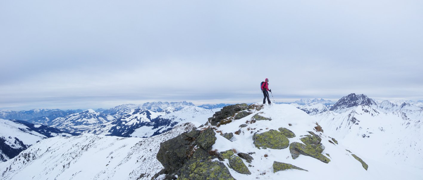 Der Gamskogel liegt eine Spur weiter hinten im Windautal und wird deshalb nicht so oft besucht wie z.B. der Steinbergstein. Die Tour ist aber lohnend, da man vom Gipfel eine perfekte Aussicht auf den dahinter frei liegenden Alpenhauptkamm hat. Bei guten Verhältnissen bietet sich die östliche Abfahrt zur Tagweidalm an.
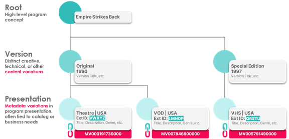 Version: Content variants that cause distinct changes in video programs or episode structure. For Movies, these include both technical changes (for example, 3D, IMAX) or creative changes (for example, extra scenes, dubbed audio). For Shows and Series, versions typically result from similar changes to the programs or to a Series structure, such as different season and episode configurations (sometimes called repackaging).
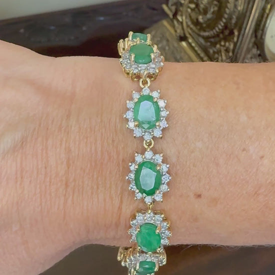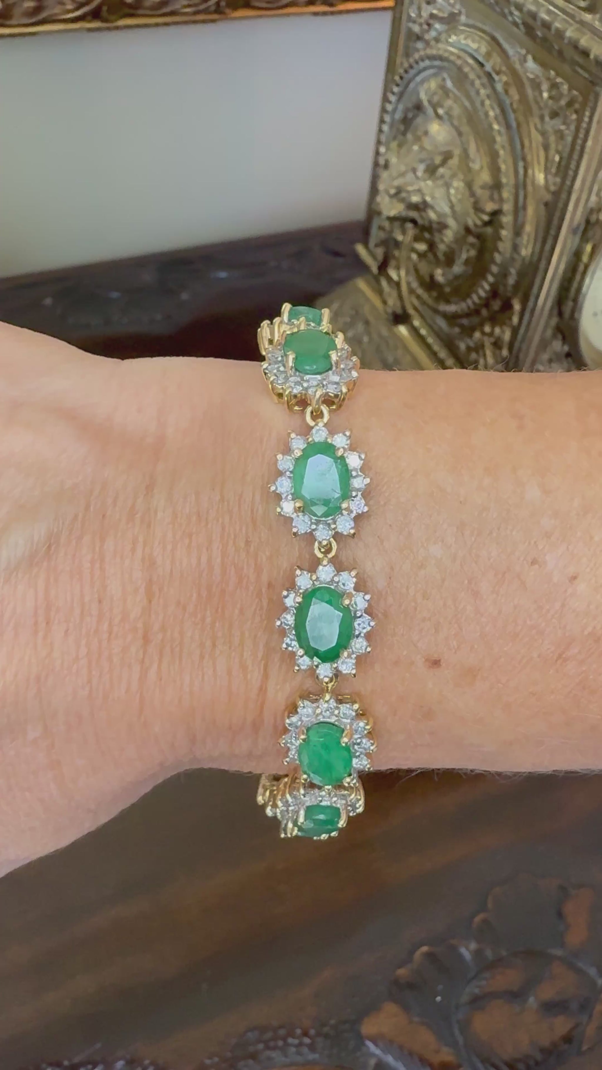One (1) 14k yellow gold Emerald and diamond straight line bracelet, eleven (11) oval shaped basket type links each center set with a 8.0 X 6.0mm oval shaped Emerald, approximate total weight 13.25 carats. The Emeralds have a grayish green color, moderately included, semi-cloudy, medium to low saturation. The Emeralds are each surrounded with 12 0.025 carat round diamonds, approximate total diamond weight 4.00 carats, graded I2 and K/L in color. The bracelet weighs 21.0 grams. Estimate replacement cost=$9,400.
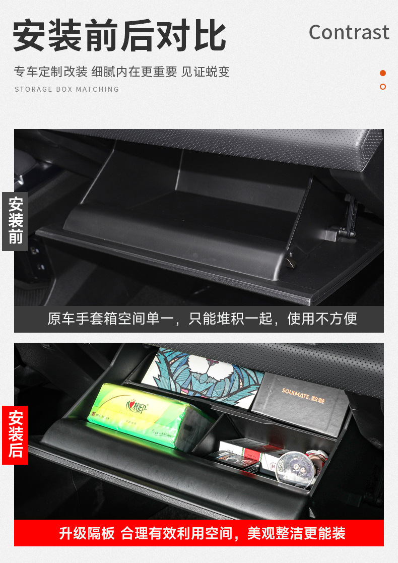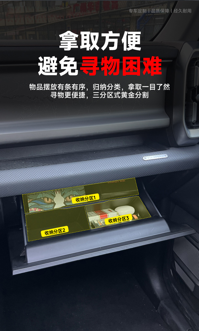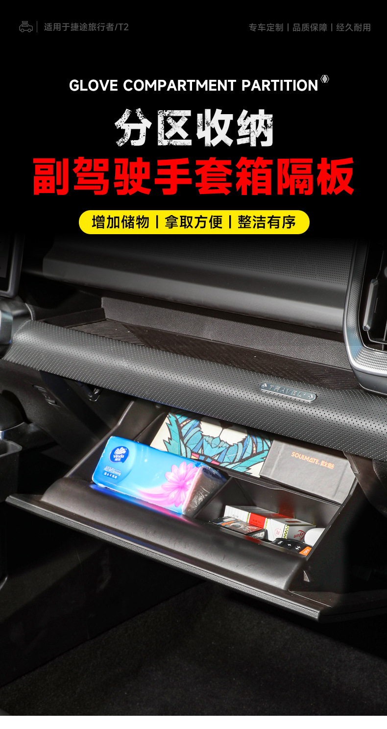 Suitable for modification of interior decoration of Jie Tu Traveler/T2 co-pilot glove box partition storage partition storage box

* **ASSIGNMENT**
Write out each line again, exactly as it appears above, except for any picture.

* **RESULT**
 Der Gamskogel liegt eine Spur weiter hinten im Windautal und wird deshalb nicht so oft besucht wie z.B. der Steinbergstein. Die Tour ist aber lohnend, da man vom Gipfel eine perfekte Aussicht auf den dahinter frei liegenden Alpenhauptkamm hat. Bei guten Verhältnissen bietet sich die östliche Abfahrt zur Tagweidalm an.
 Version: Content variants that cause distinct changes in video programs or episode structure. For Movies, these include both technical changes (for example, 3D, IMAX) or creative changes (for example, extra scenes, dubbed audio). For Shows and Series, versions typically result from similar changes to the programs or to a Series structure, such as different season and episode configurations (sometimes called repackaging).
One (1) 14k yellow gold Emerald and diamond straight line bracelet, eleven (11) oval shaped basket type links each center set with a 8.0 X 6.0mm oval shaped Emerald, approximate total weight 13.25 carats. The Emeralds have a grayish green color, moderately included, semi-cloudy, medium to low saturation. The Emeralds are each surrounded with 12 0.025 carat round diamonds, approximate total diamond weight 4.00 carats, graded I2 and K/L in color. The bracelet weighs 21.0 grams. Estimate replacement cost=$9,400.
 Suitable for modification of interior decoration of Jie Tu Traveler/T2 co-pilot glove box partition storage partition storage box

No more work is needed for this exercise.